If the lift value is greater than 1, it is more common for these two types of goods to be purchased together than for only one category. A large lift value is an important indicator, which indicates that a rule is important and reflects the real relationship between goods.

5. Improve the performance of the model

(1) sort the set of association rules

According to the goals of shopping basket analysis, perhaps the most useful rules are those with high support, reliability and promotion. The arules package contains a sort () function that reorders the list of rules by specifying the parameter by to be "support", "confidence", or "lift". By default, the sort is in descending order, and you can specify the parameter decreasing=FALSE to reverse the sort method.

> inspect (sort (grocery_rules) By= "lift") [1:10]) lhs rhs support confidence lift 3 {herbs} = > {root vegetables} 0.007015760 0.4312500 3.956477 57 {berries} = > {whipped/sour cream } 0.009049314 0.2721713 3.796886 450 {tropical fruit Other vegetables,whole milk} = > {root vegetables} 0.007015760 0.4107143 3.768074 174 {beef,other vegetables} = > {root vegetables} 0.007930859 0.4020619 3.688692 285 {tropical fruit,other vegetables} = > {pip fruit} 0.009456024 0.2634561 3.482649 176 {beef,whole milk} = > {root vegetables} 0.008032537 0.3779904 3.467851 284 {pip fruit Other vegetables} = > {tropical fruit} 0.009456024 0.3618677 3.448613 282 {pip fruit,yogurt} = > {tropical fruit} 0.006405694 0.3559322 3.392048 319 {citrus fruit,other vegetables} = > {root vegetables} 0.010371124 0.3591549 3.295045 455 {other vegetables,whole milk,yogurt} = > {tropical fruit} 0.007625826 0.3424658 3.263712

(2) extract a subset of association rules: we can extract the rules we are interested in through the subset () function.

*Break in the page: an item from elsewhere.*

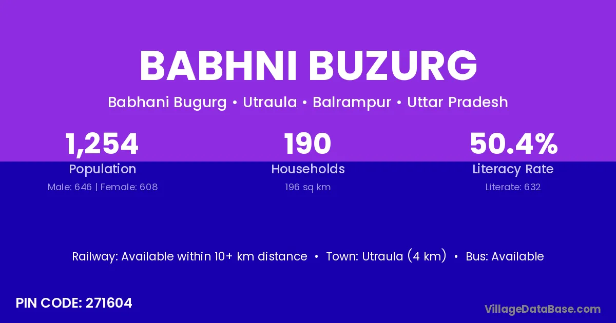 Utraula (4 km) is the nearest town to Babhni Buzurg village for major economic activities and is located approximately 4 km away.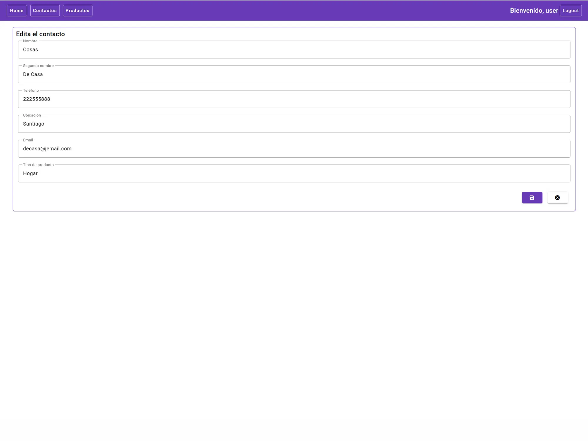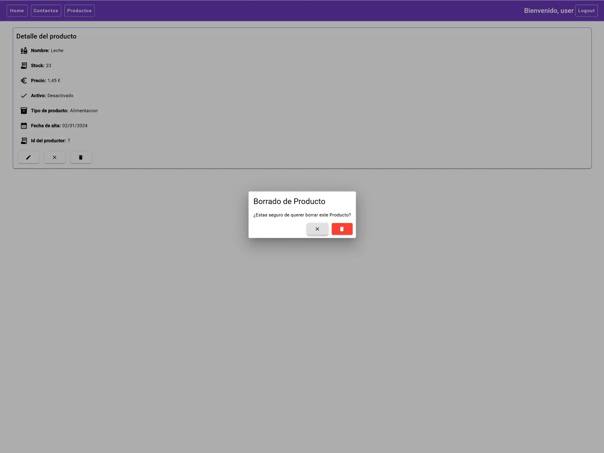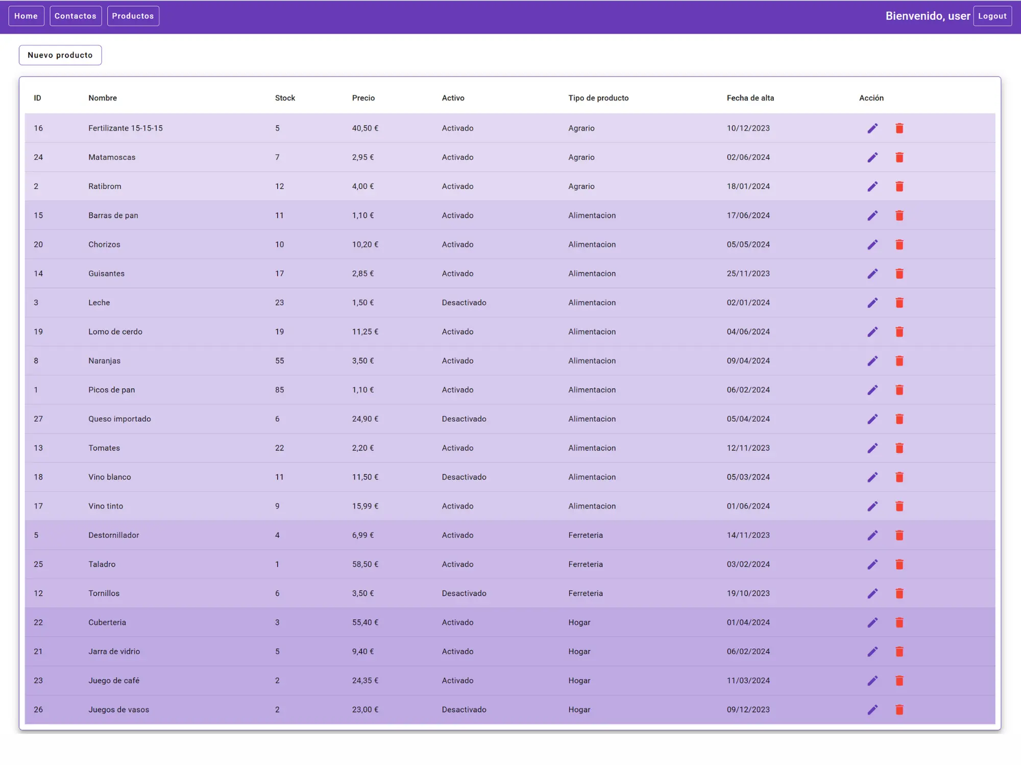 Imagen de la página de productos de una aplicación para gestión de una tienda o almacén

> fruit_rules fruit_rules set of 21 rules > inspect (fruit_rules [1:5]) lhs rhs support confidence lift 127 {pip fruit} = > {tropical fruit} 0.020437214 0.2701613 2.574648 128 {pip fruit} = > {other vegetables} 0.026131164 0.3454301 1.785237 129 {pip fruit} = > {whole milk} 0.030096594 0.3978495 1.557043 281 {tropical fruit Pip fruit} = > {yogurt} 0.006405694 0.3134328 2.246802 282 {pip fruit,yogurt} = > {tropical fruit} 0.006405694 0.3559322 3.392048 so much about how to use the Apriori algorithm in R language. I hope the above content can be of some help to you and learn more knowledge. If you think the article is good, you can share it for more people to see.

Welcome to subscribe "Shulou Technology Information " to get latest news, interesting things and hot topics in the IT industry, and controls the hottest and latest Internet news, technology news and IT industry trends.

*The comments in the above article only represent the author's personal views and do not represent the views and positions of this website. If you have more insights, please feel free to contribute and share.